→ WORK REQUIRED:
If a picture appears, leave it out, and reproduce exactly the lines from the start of the listing below through the one bearing "Michal Ziliak iz".

→ GIVEN MATERIAL:
-=-=-

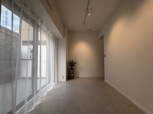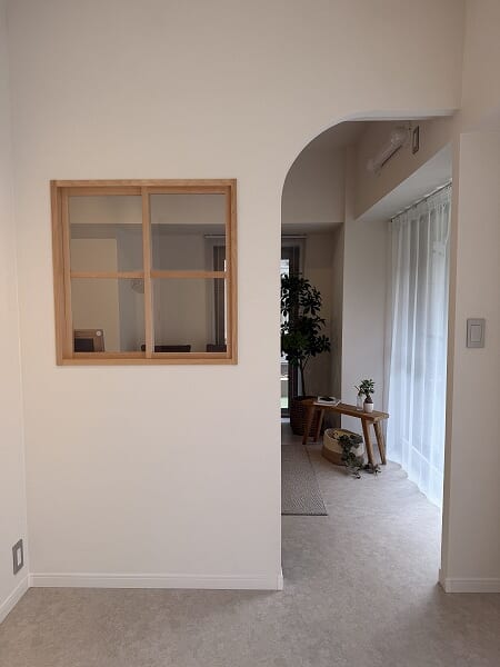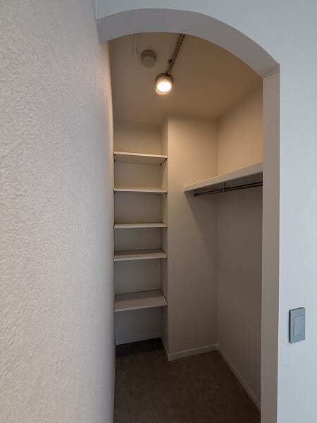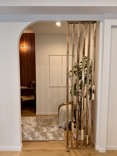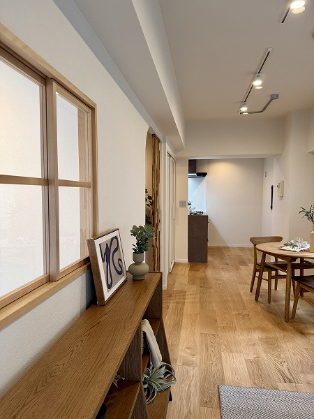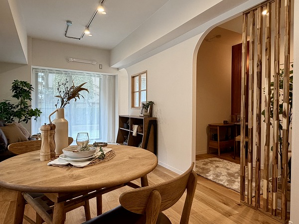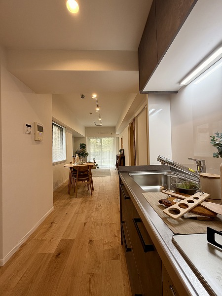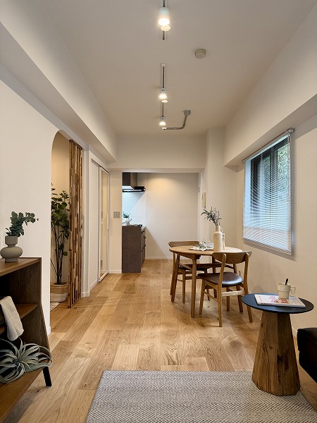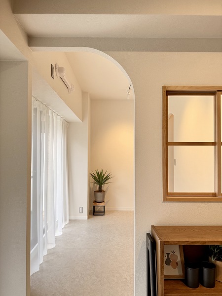 約12.5帖のLDKは、横に長く伸びるスタイリッシュな間取りが印象的。視線が奥まで通り、空間の広がりを強調します。2方向から光が注ぐことで室内全体が柔らかく照らされ、天井の高さと相まって開放感をより一層引き立てていました。また、各洋室への入口にあえて扉を設けないデザインで住まいに軽やかな抜けを生み、洗練された雰囲気を演出していますよ。
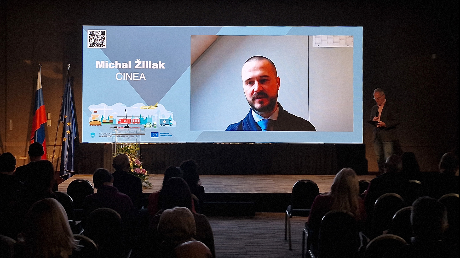 Michal Ziliak iz Evropske izvajalske agencije za podnebje, infrastrukturo in okolje (angleško European Climate, Infrastructure and Environment Executive Agency – CINEA) je predstavil prioritete, za katere so razpisana sredstva IPE Promet 2023 ter odgovarjal na vprašanja udeležencev. Po odmoru je sledil drugi del dogodka, kjer je g. Ziliak ponudil vpogled v postopke ocenjevanja in potrjevanja prejetih vlog na razpisih IPE Promet 2023.
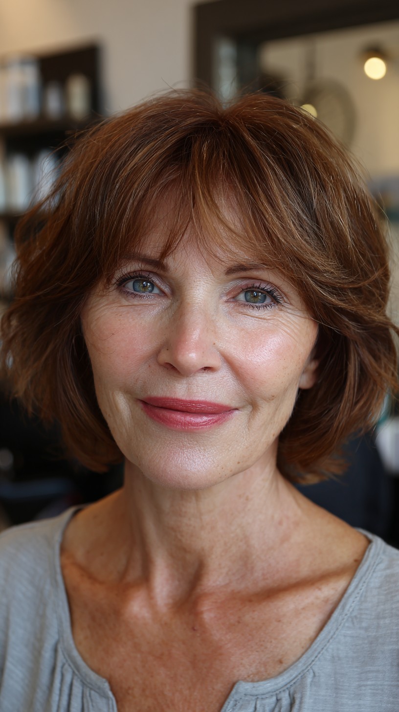 This charming textured short cut with soft bangs is perfect for a fresh look. The hair length is just above the shoulders, offering a youthful appearance. The layered texture adds volume, making it suitable for fine to medium hair density, while the soft bangs frame the face beautifully, ideal for heart or oval face shapes. While this style is low-maintenance, it may require regular trims to keep those bangs in shape. The warm reddish-brown hue adds dimension, enhancing the overall brightness of your complexion.

-=-=-

→ EXERCISE OUTPUT:
 約12.5帖のLDKは、横に長く伸びるスタイリッシュな間取りが印象的。視線が奥まで通り、空間の広がりを強調します。2方向から光が注ぐことで室内全体が柔らかく照らされ、天井の高さと相まって開放感をより一層引き立てていました。また、各洋室への入口にあえて扉を設けないデザインで住まいに軽やかな抜けを生み、洗練された雰囲気を演出していますよ。
 Michal Ziliak iz Evropske izvajalske agencije za podnebje, infrastrukturo in okolje (angleško European Climate, Infrastructure and Environment Executive Agency – CINEA) je predstavil prioritete, za katere so razpisana sredstva IPE Promet 2023 ter odgovarjal na vprašanja udeležencev. Po odmoru je sledil drugi del dogodka, kjer je g. Ziliak ponudil vpogled v postopke ocenjevanja in potrjevanja prejetih vlog na razpisih IPE Promet 2023.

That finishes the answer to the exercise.